MatchesFashion's collapse is not only due to the downturn
MatchesFashion went into administration a week ago, less than three months after Mike Ashley’s Frasers Group acquired the UK online fashion retailer. The official version was that trading conditions were so difficult, and the company losing so much money, its new owners had no choice but to pull the plug after having injected more than £20 million into it.
However, that’s not to say Mike Ashley, Frasers Group’s founder and controlling shareholder, won’t still come out on top despite the collapse of Matches. The high-street billionaire could still acquire the company’s stock on the cheap through the liquidation process that will follow the administration and sell it at a profit afterwards, industry sources said.
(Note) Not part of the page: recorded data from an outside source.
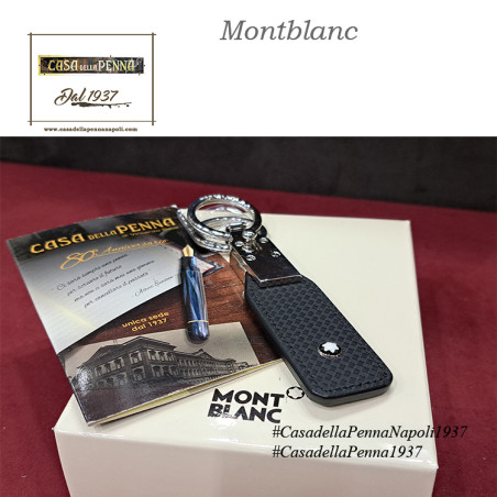 caratteristiche del prodotto: - produttore: Montblanc- modello: portachiavi- materiale: pelle lavorata con doppio gancio in metallo - dettagli: incisione Montblanc sui due ganci, forma rettangolare con emblema Montblanc- colore: nero
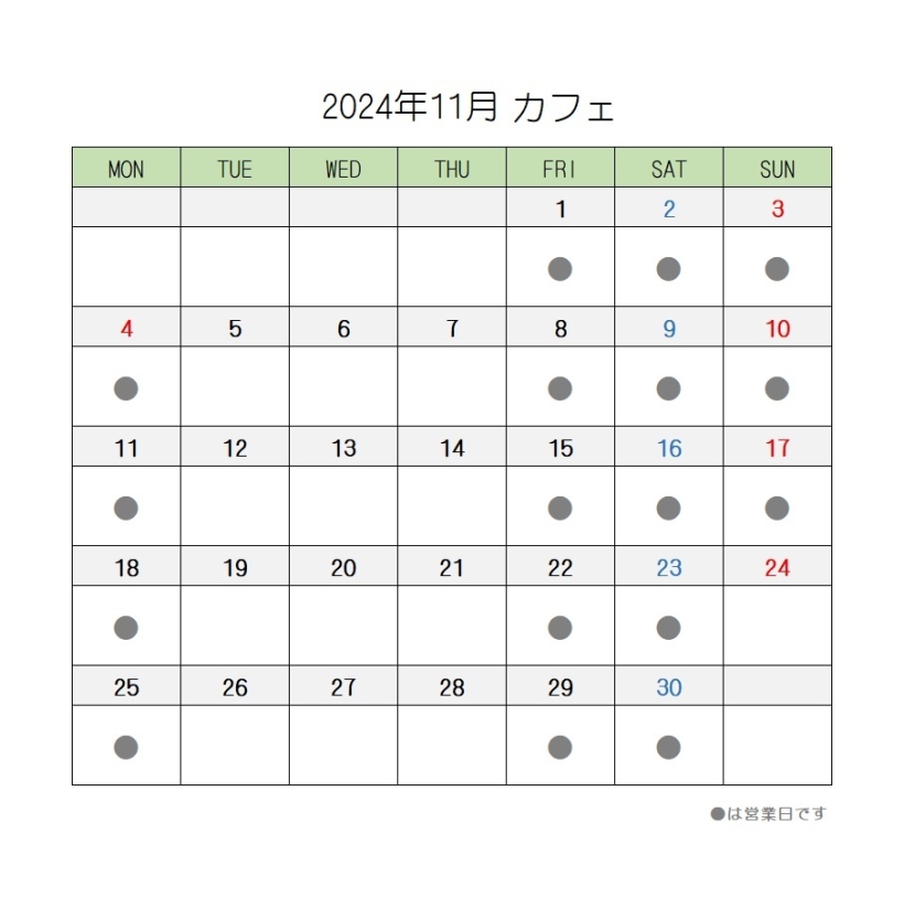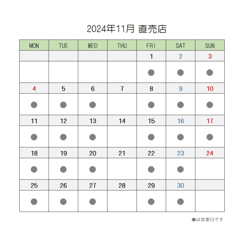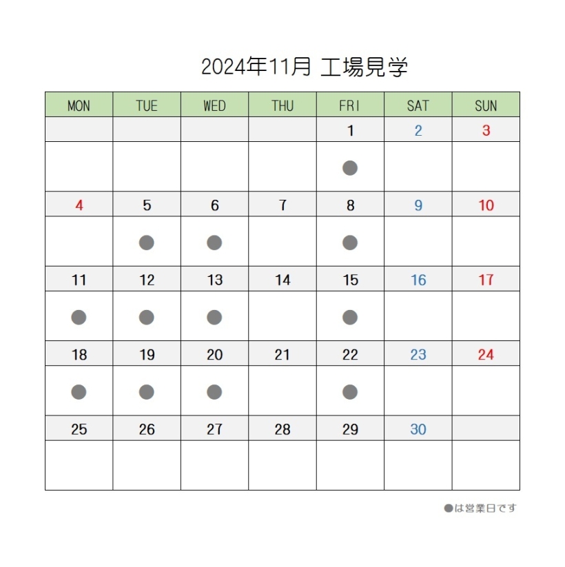 2024年11月の営業スケジュール【直売店・茶房AOI・工場見学】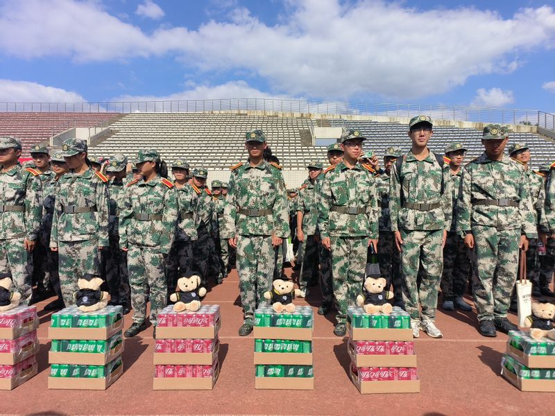 随后,2024级学生代表向全体教官赠送满载学院记忆的“电光柔奋斗小熊”和防暑饮品,表达了最诚挚的谢意。在场领导、老师给同学们分发慰问礼品,不仅仅为同学们送来炎炎烈日中的一丝清凉,也增添了同学们迎接更多挑战的信心。
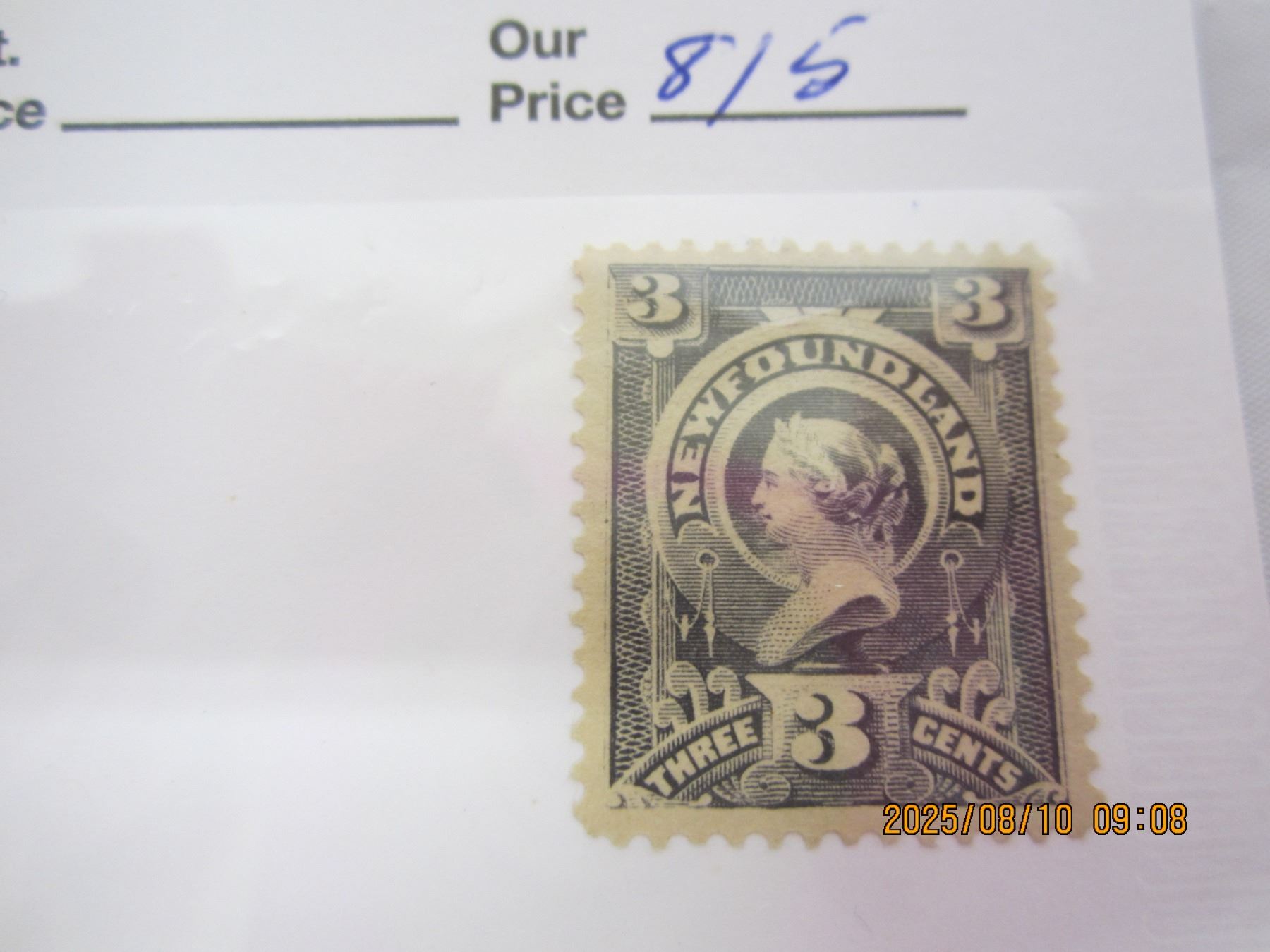 Newfoundland 3 Cent Victoria OG Never Used

That would be true to form for Ashley, one of Britain’s most colorful and controversial businessmen. Ashley put his son-in-law Michael Murray in charge as CEO of Frasers Group in 2022 who was then 32-year-old and had little retail experience. Murray regularly tells British media he’s the one making decisions, but Ashley still has significant influence as he is a consultant and a director on the board. Many retailers believe he’s the one calling the shots. Ashley controls the London-listed company through a stake of more than 70 percent. He’s known for having a high-risk appetite when it comes to deals.
Ashley has been on a buying spree in recent years, cornering the sports goods retail market under his Sports Direct retail chain and buying stakes in many different retailers. Frasers Group also owns the fashion luxury multi-brand Flannels and since 2022, the prestigious Savile Row tailor Gieves & Hawkes. Ashley also has a 36 percent stake in British leather goods brand Mulberry. Mulberry’s board last year rejected Ashley’s demand for a board seat on the basis that it did not “consider he has the expertise that we need to grow the company.”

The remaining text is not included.